Aamar Deo Singh, Senior Vice-President of Research at Angel One, offered his insights on the potential effects of the Union Budget, which sectors might benefit, the expected performance of PSUs, and recommended investment strategies post-budget.
Last week, despite initial volatility, the markets rebounded and celebrated the Union Budget 2024 by reaching new all-time highs. The previous budget had set a record capex of ₹10 lakh crore and introduced policies that boosted various sectors, leading to a strong rally in Indian equities over the past year.
According to ACE Equity data, the BSE Sensex has risen 23% in the past 12 months up to July 26, while the broader BSE MidCap and BSE SmallCap indices have outperformed the Sensex, gaining 58% and 57%, respectively. Sectoral indices such as BSE PSU, BSE Realty, and BSE Capital Goods have also seen substantial gains.
In an interview with Business Today, Aamar Deo Singh, Senior Vice-President of Research at Angel One, provided insights on the Union Budget for FY24-25. He discussed its expected impact on the economy, which sectors might benefit, the performance of PSUs, and investment strategies post-budget.

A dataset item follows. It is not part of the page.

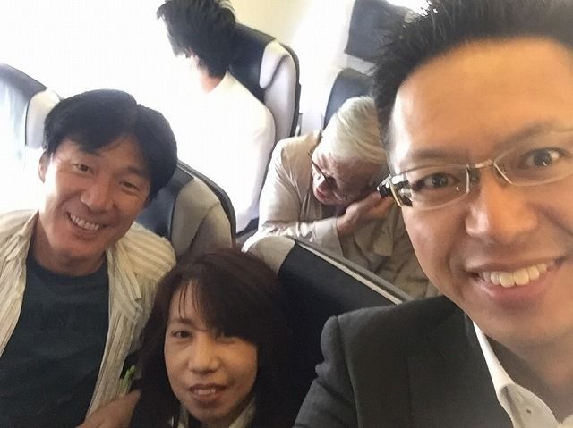すると飛行機の中で通路を挟んで隣の席に 出張のため

Singh noted that the Budget addresses issues like job creation and demand slump by increasing allocations for agriculture, affordable housing, and employment incentives, aiming for inclusive growth. Sectors expected to benefit include FMCG, infrastructure, manufacturing, housing, agriculture, and power.

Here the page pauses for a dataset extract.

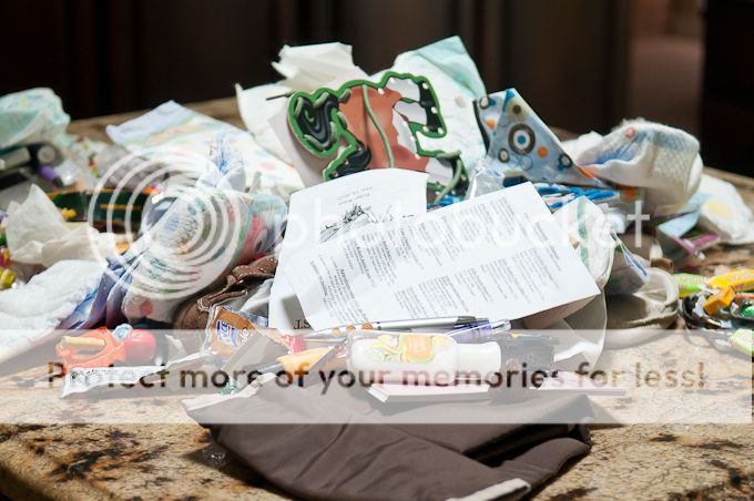 Here's a sampling of some of the contents: More diapers than any kid would need in a three week period, 3 bottles of lotion, 8 lip glosses, box of crayons, lace-up cards, headbands, receipts, 14 granola bars, 11 fruit leathers, a package of crackers, 2 pacifers, 3 pairs of shoes (I was wondering where they ended up!), baby socks, candy, a book, random toys, doctor office papers and a lot of garbage!!
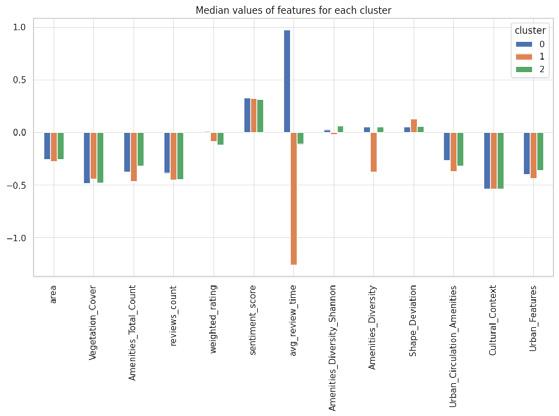 From our spider plots, we can discern diversity in vegetation cover and shape deviation among the three clusters.

Regarding PSUs, Singh highlighted their recent strong performance and the favorable investor interest. He attributed their improved profitability to government investments in infrastructure and manufacturing, including railways and defense. However, maintaining high profitability will be challenging due to the larger base and macroeconomic factors.

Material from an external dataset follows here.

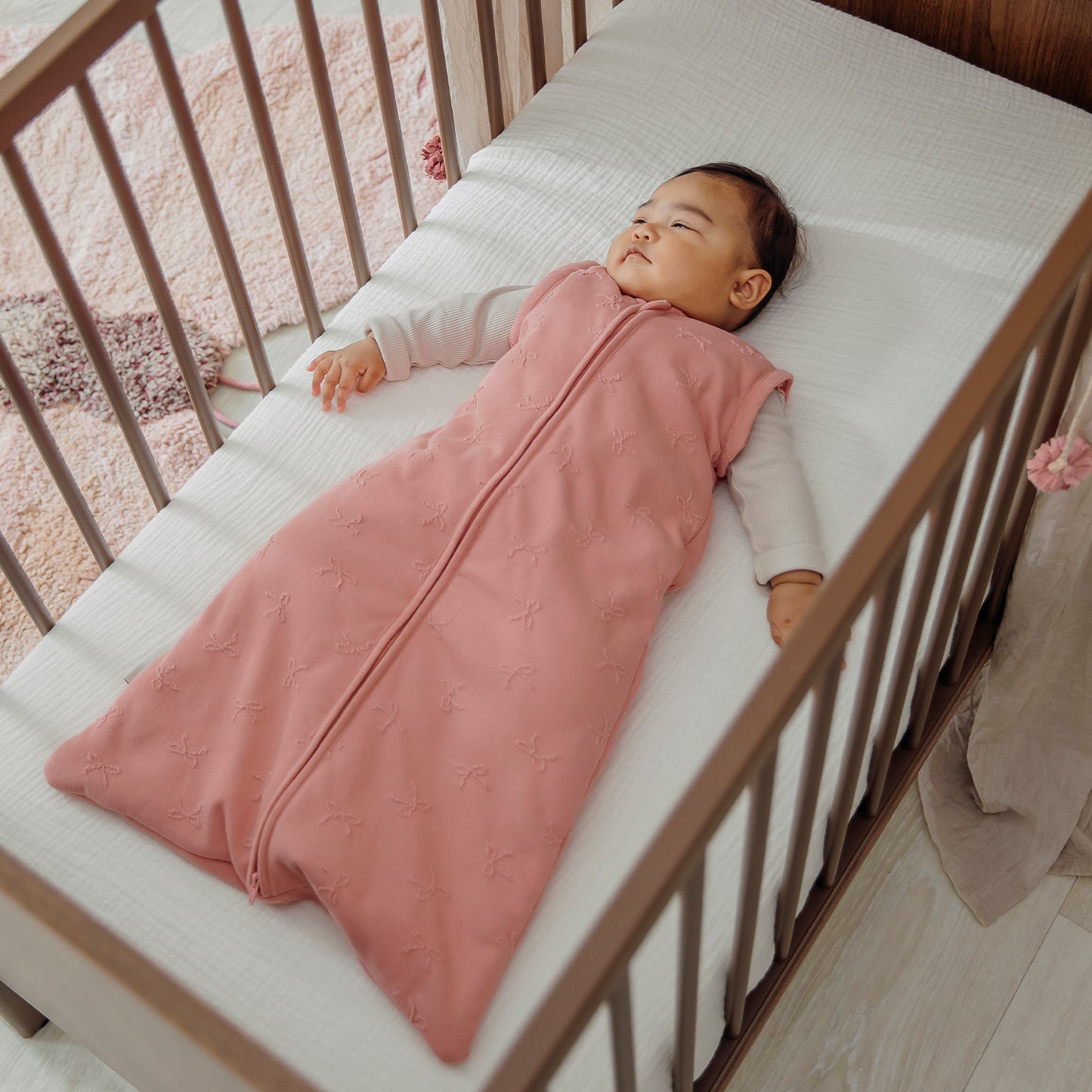 Deze gevoerde slaapzak is voorzien van afritsbare mouwen en een TOG-waarde van 2.5, ideaal voor gebruik in verschillende seizoenen. De unieke 3D applicatie in bow-dessin zorgt voor een verfijnde look, terwijl de zachte stof zorgt voor optimaal comfort. De veilige pasvorm sluit goed aan bij de hals en armpjes en voorkomt dat je kindje in de slaapzak wegzakt. Dankzij de lange, doorlopende rits aan de voorkant is verschonen en aan- of uitkleden extra makkelijk, zonder je baby te veel te storen in zijn of haar slaap.

Sectors like FMCG, IT, Pharma, infrastructure, and housing remain attractive in the current bull market, though investors should be cautious of high valuations. Singh advised focusing on quality stocks and considering investments in tranches.
Looking ahead, Singh is optimistic about Indian equities and the economy but cautioned that markets might experience turbulence due to global factors and inflation. Historical data suggests that equities have outperformed other asset classes, so a long-term perspective is crucial for investors.